*WHAT NEEDS TO BE DONE*. Write the data out again exactly, dropping any images it holds.

*SOURCE MATERIAL*.

┌──

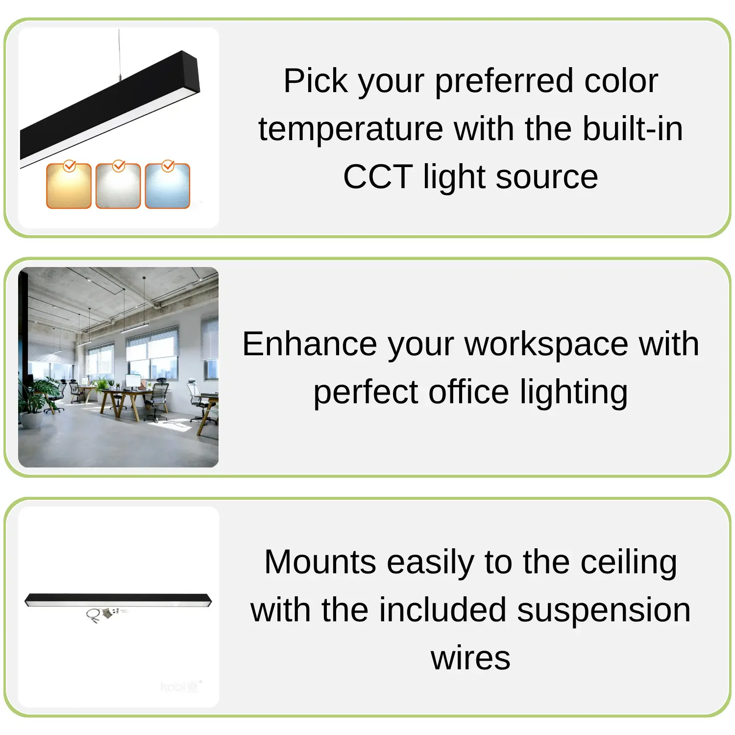 Uppgradera ditt kontor med den stilrena och effektiva Koline taklampan på 120 cm. Med justerbar färgtemperatur, stark ljusstyrka och enkel montering är denna LED-lösning både praktisk och snygg – perfekt för moderna arbetsmiljöer.
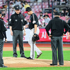 107분 우천 중단 후 헤이수스 이어 마운드 오른 문용익
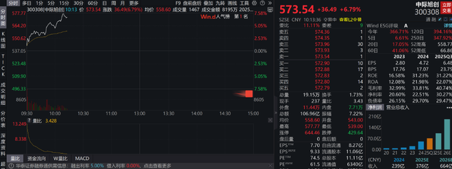 中际旭创成交额超100亿元,现涨超7%。

└──

*ANSWER TO THIS TASK*.
 Uppgradera ditt kontor med den stilrena och effektiva Koline taklampan på 120 cm. Med justerbar färgtemperatur, stark ljusstyrka och enkel montering är denna LED-lösning både praktisk och snygg – perfekt för moderna arbetsmiljöer.
 107분 우천 중단 후 헤이수스 이어 마운드 오른 문용익
 中际旭创成交额超100亿元,现涨超7%。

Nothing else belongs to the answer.